The prince's voice cut through her thoughts. "Are you going to sit there and keep me waiting?"

"I'm sorry, Your Highness. I was thinking about how to teach you about love." She took a breath, trying to buy more time to think.

"The truth is, I can't teach you how to love directly. Love isn't something you can master like a weapon or an art. What I can do is guide you—help you understand it better, learn about emotions, and create the right situation for it to grow."

A feeling of dread washed over her as she understood the prince's words. "I... I will do my best, Your Highness," she replied with a steady voice, masking the turmoil roiling within her.

How can I search the depths of Google to convince the prince that he needs love over power, to soften him and keep him preoccupied, when I myself believe that money holds more value than love?

The prince nodded, that infuriating smile still lingering on his face. "Good. Now, let's start with something simple. Tell me about someone you love. What makes them worthy of your love?"
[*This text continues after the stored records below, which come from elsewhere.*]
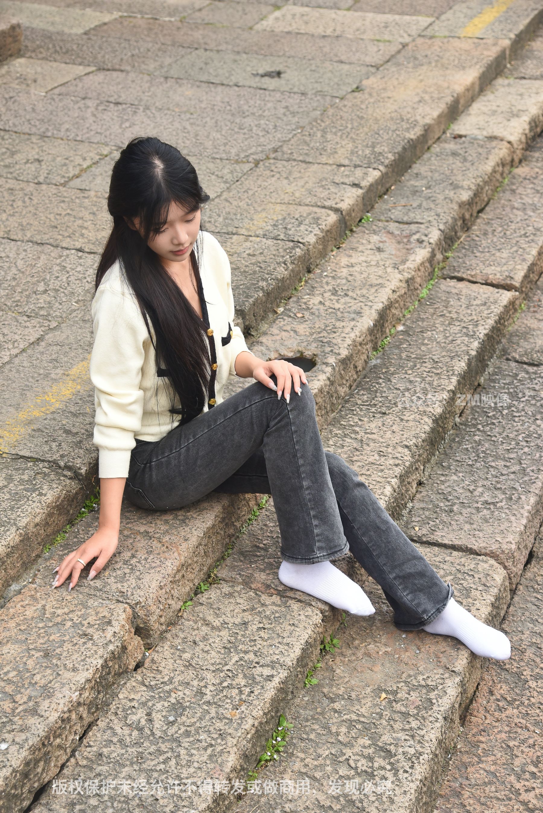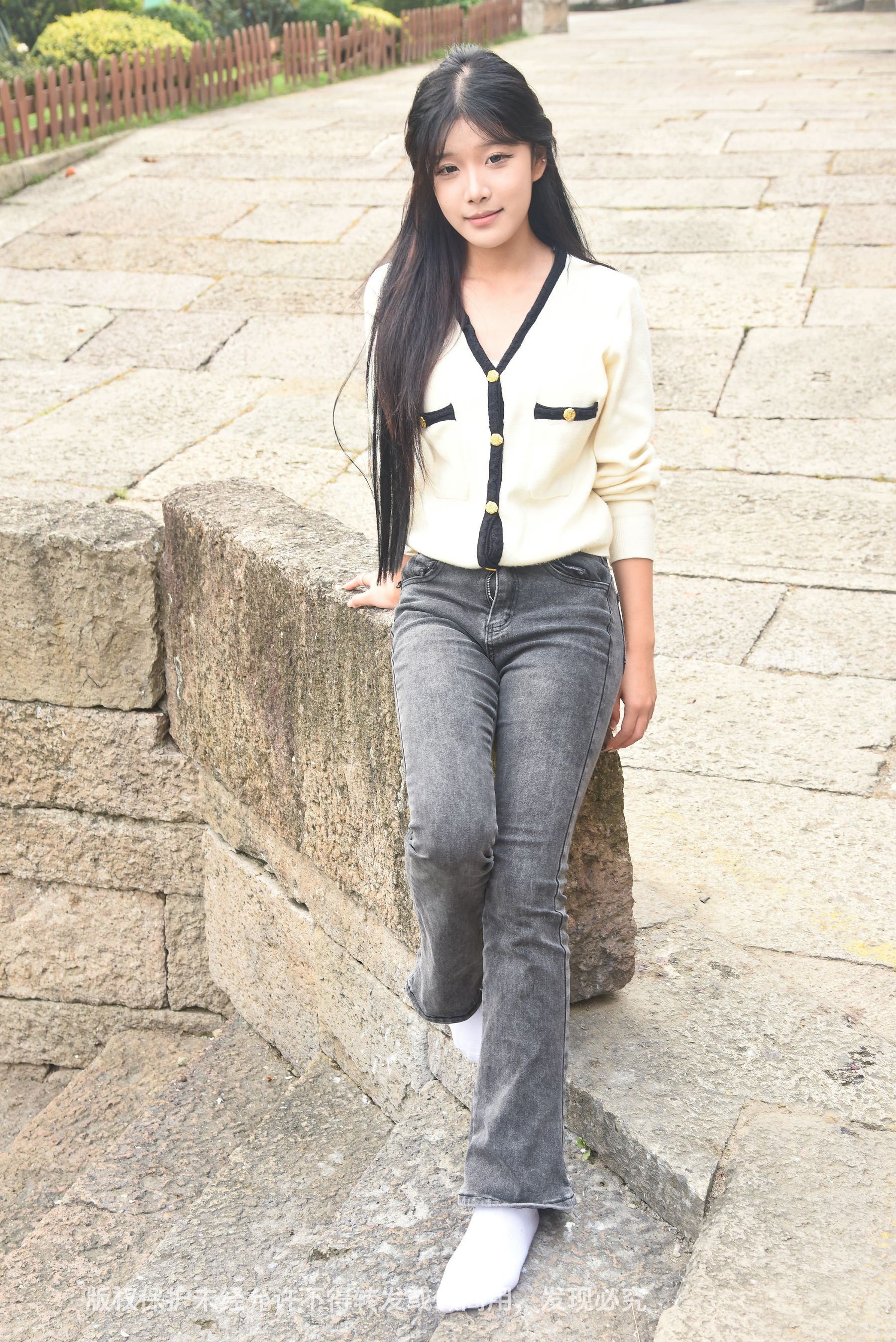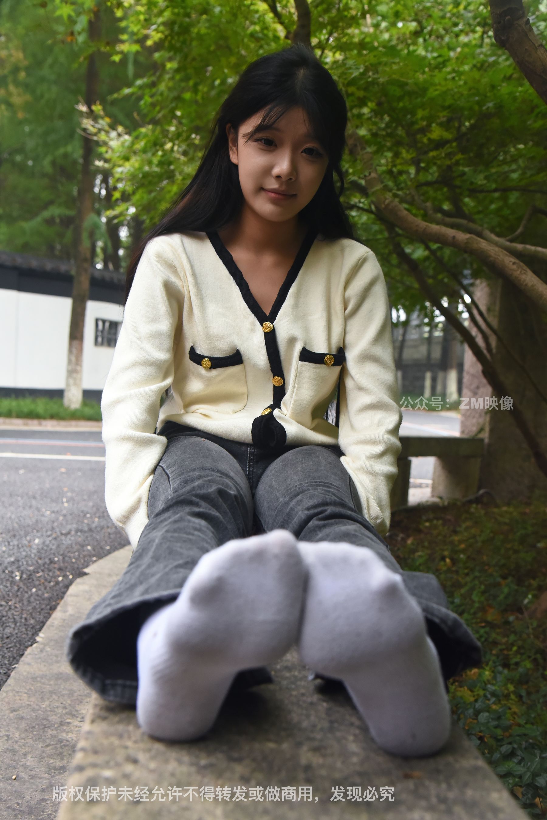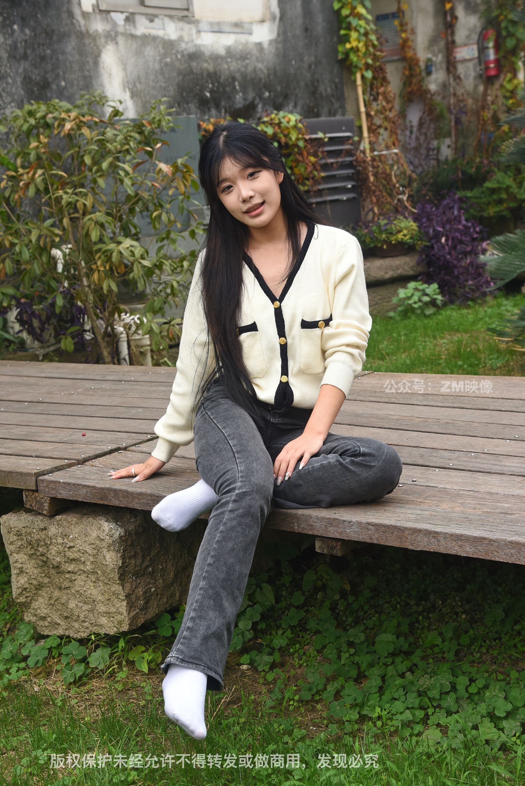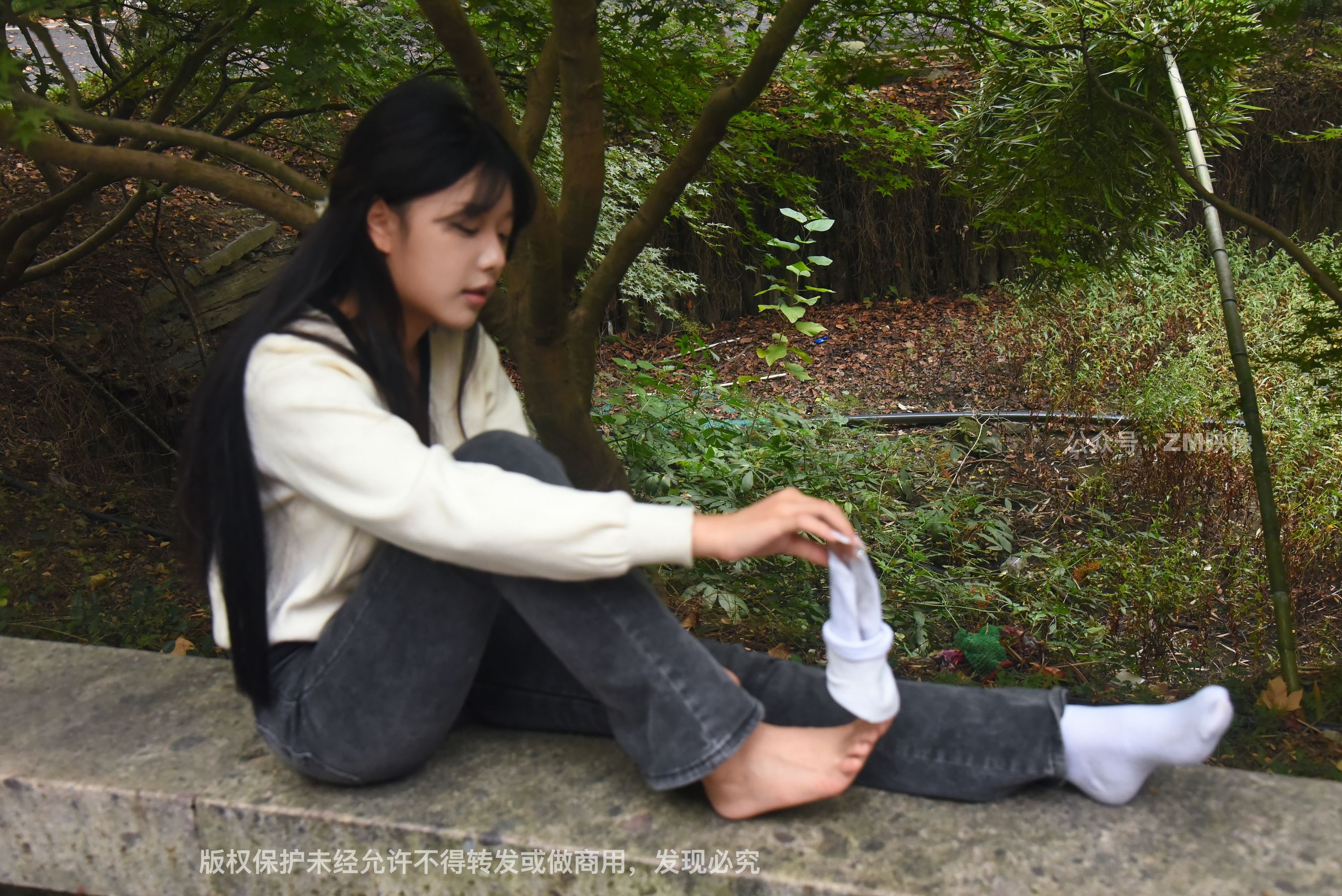 Gallery - [织梦映像] 少女牛仔裤草地白袜 - 图库库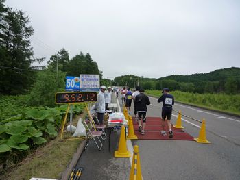 52.5k地点のエイド。23回目を迎えるだけあり、エイドの運営は最高レベルである。スタッフの皆さん全員が満面の笑みで出迎えてくれ、ドリンク等を配給してくれる。大変、気持ちのゆきとどいたサービスをしてくれる。感謝! |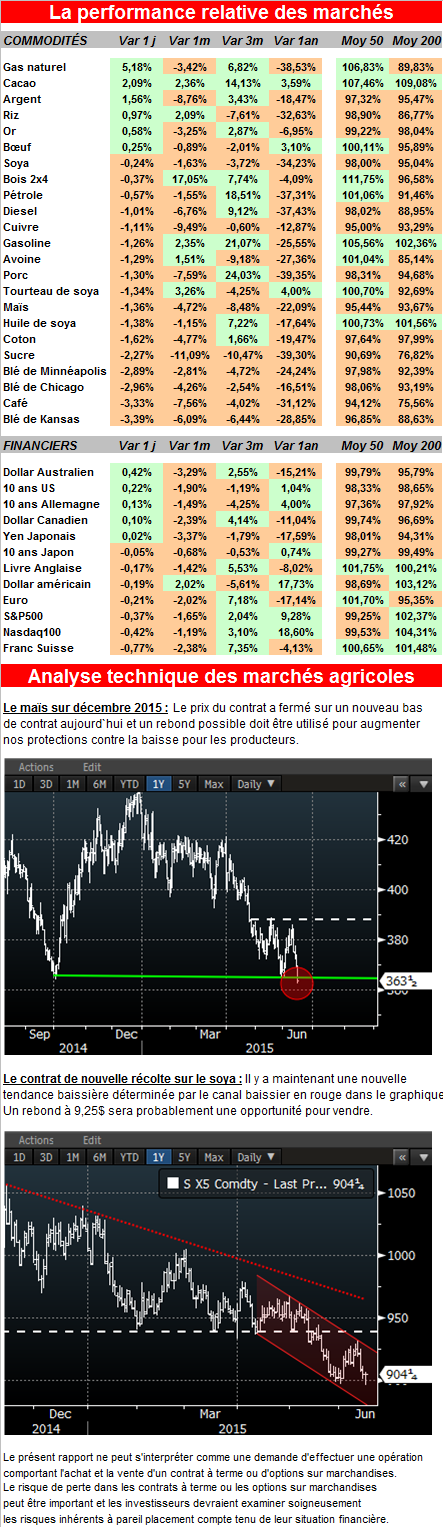 La nouvelle vendredi que la Russie et la Roumanie avaient vendu au total 180,000 tonnes de blé à l’Égypte démontre que le prix américain est trop élevé et les ventes à l’exportation risquent de diminuer encore. Le rapport de la USDA, la semaine dernière, avait rappelé au marché que les inventaires mondiaux de grains sont élevés et que, par conséquent, la compétition risque d’être très féroce pour s’accaparer les parts de marchés.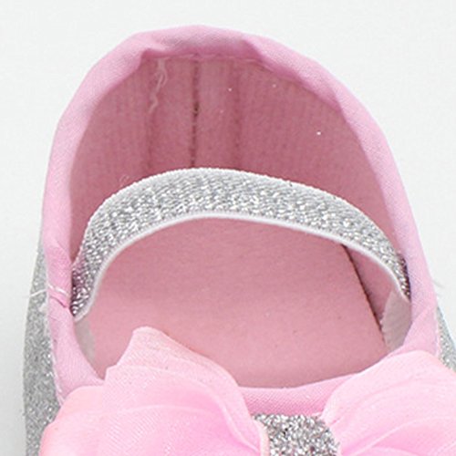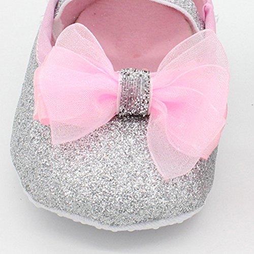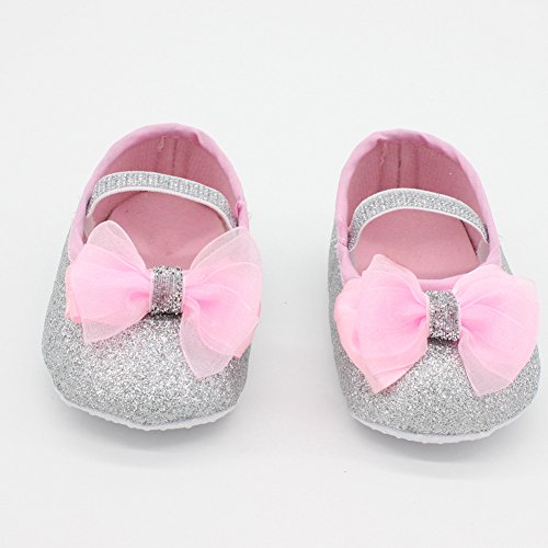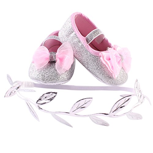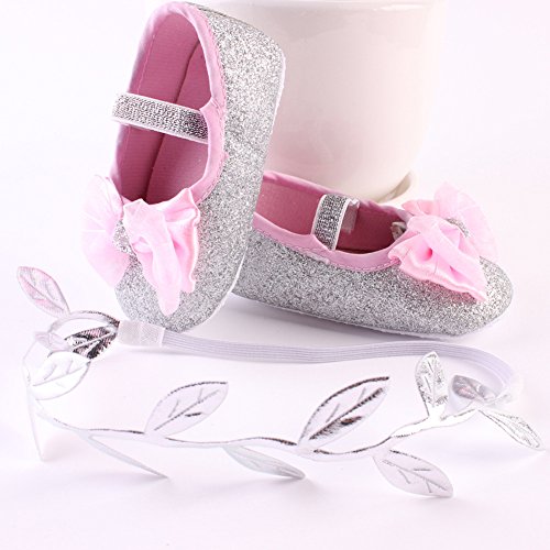 Domybest ベビーシューズ フォーマル ファーストシューズ キッズ靴 シューズ+ヘアバンド2点セット 女の子 リボン プリンセス風 春 夏 秋 通気性よく 軽量 可愛い 柔かい赤ちゃん歩行靴 撮影 出産祝い 結婚式 発表会 七五三 お祝いプレゼント (11cm(3-6ヶ月), 銀色)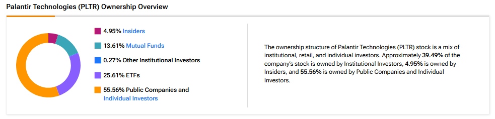 Now, according to TipRanks’ ownership page, public business and private financiers own 55.56% of PLTR. They are followed by ETFs, shared funds, experts, and other institutional financiers, at 25.61%, 13.61%, 4.95%, and 0.27%, respectively.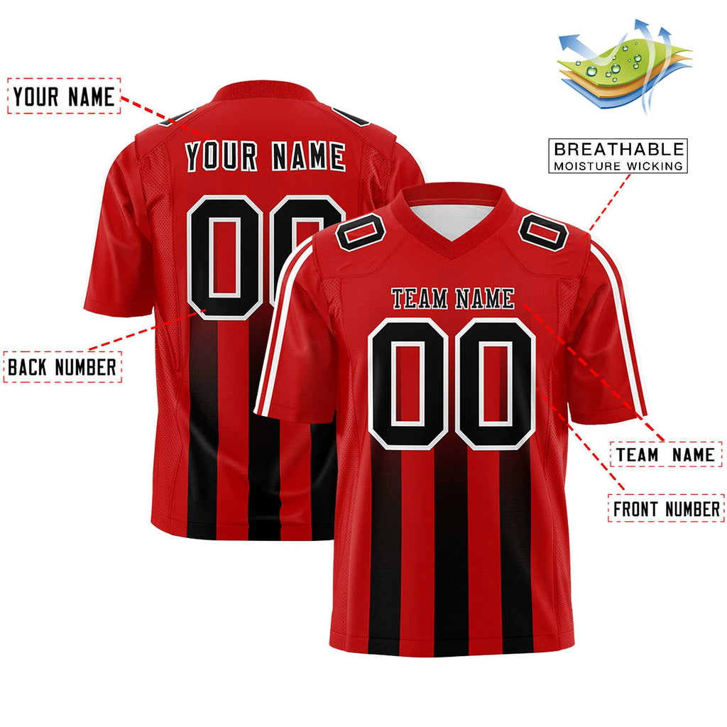 Custom Red Black Vertical Fine Stripe Gradient Fashion Personalized Team Football Jersey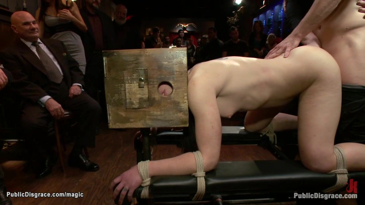Bound brunette babe Cheyenne Jewel gets whipped then in doggy style position with head trapped in box anal fucked by big cock in crowded public bar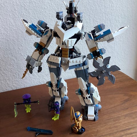 LEGO NINJAGO mech sæt. Sættet indeholder en stor hvid og guld mech-robot med bevægelige arme og ben samt flere sværd og tilbehørsdele. Der medfølger flere minifigurer med våben og udstyr.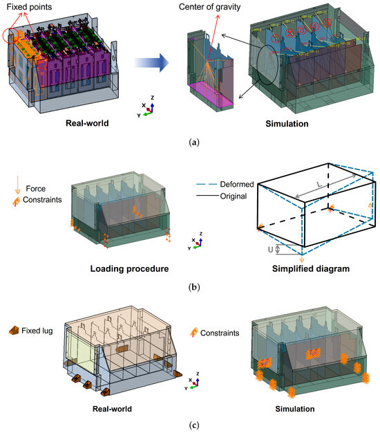 Battery box loading procedure. (a) The centre of gravity and the connection relationship, (b) diagram of the torsional load on the battery box, (c) battery box loading procedure for frequency measurement.
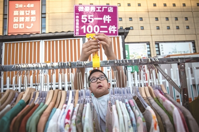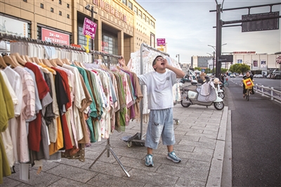 傍晚时分,位于九堡的杭州国际服装城门口,9岁的段建芃在路边大声吆喝,帮爸爸摆摊卖衣服。
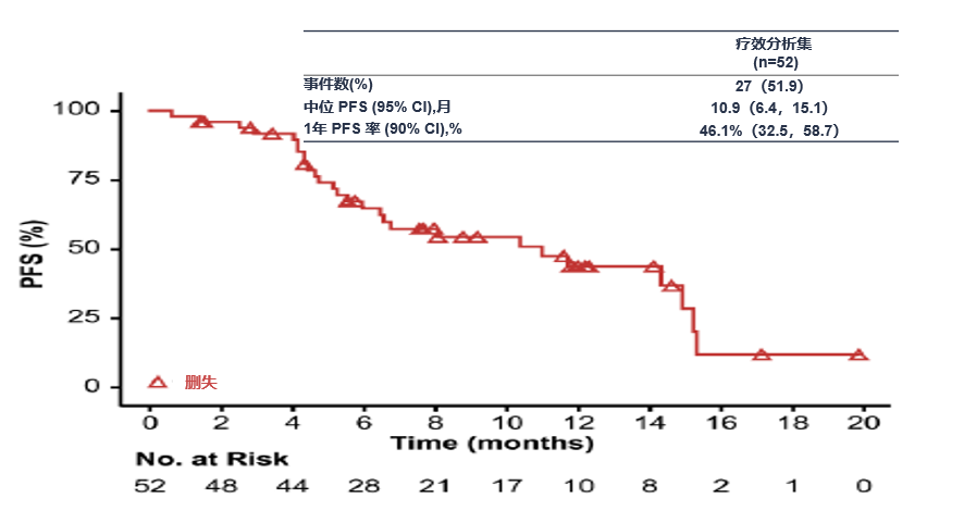 队列2为免疫联合贝伐珠单抗及白蛋白紫杉醇诱导治疗,随后给予免疫联合贝伐珠单抗维持治疗。患者1年PFS率为46.1%,其90%CI:32.5~58.7下限高于历史对照化疗数据的7%,达到主要研究终点;患者中位PFS为10.9个月,同样展示了良好的疗效。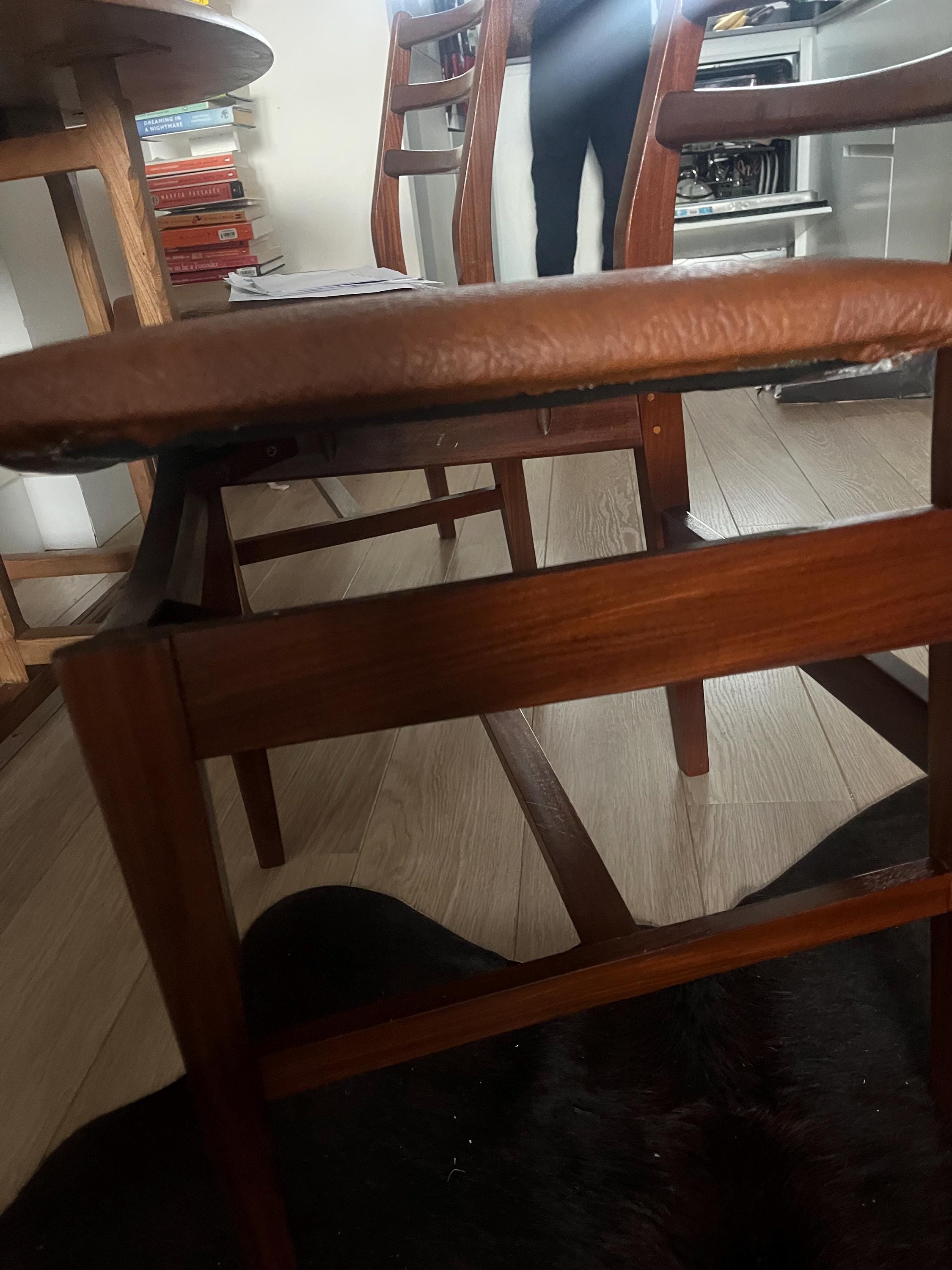 The three-slat ladder backs are gently sculpted and the legs are light and square-sectioned — a distinctive Scandinavian silhouette that feels both timeless and contemporary. There are no maker’s marks, which is common for Danish import pieces sold through UK retailers during this era.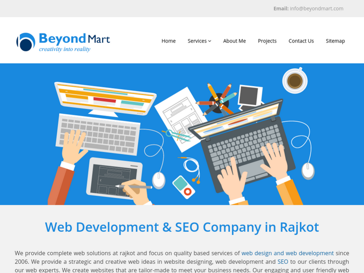 BeyondMart provides following web services to our clients. We things continue to accept new technology and provide it to you. My company beyondmart is Indian based company and located at Rajkot (Gujarat) India. My aim is to provide best solution. You will get all web services in one roof called beyondmart.com. Solutions we offer range from web hosting domain to developing business applications.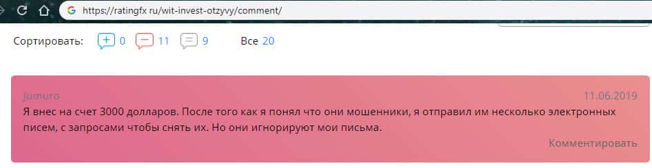 На ниже расположенном изображении вы можете увидеть очередной реальный негативный отзыв в сторону аферистов Wit Invest, который связан с тем, что мошенники довольно нагло развели еще одного пользователя сети, после чего попросту отказались выводить средства наивному клиенту и оставил очередного пользователя сети интернет с пустыми карманами.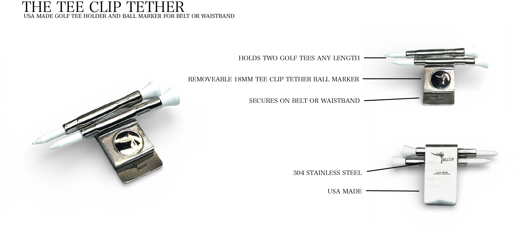 Tee Clip® Tether™: 米国製 | ベルトまたはウエスト用のゴルフティーホルダー | ティー 2 本と 18mm ボールマーカー用のダブルバレル | 特許出願中

Tuk's heart pounded at the abrupt shift in topic. This isn’t fair! She had to tread carefully; revealing too much could expose her vulnerabilities. "Your Highness, I—"

"Spare me the formality, I want honesty. You’re a historian; you know the importance of stories and what makes them compelling." His tone was almost encouraging, yet there was a subtle menace that made her skin prickle.

He's playing with me.

Something about how intense the prince was made her nervous. What's happening? Had he studied more about this than he let on? Either way, she was in over her head. The more this conversation goes on, the more I realize... I'm no longer fully in control of the situation. Just when I thought I could finally relax, the prince surprised me again. A cold shiver runs down my spine as I realize. I thought I had time—time to plan, to figure out what to do next—but now I'm not so sure.

I realize I'm not the only one telling lies.

I thought we were following the usual story here. Aren't I supposed to teach him how to love? I was ready to play matchmaker, but... Shit. Whatever happens next, I have a feeling that everything is about to change—and I'm no longer the one in control.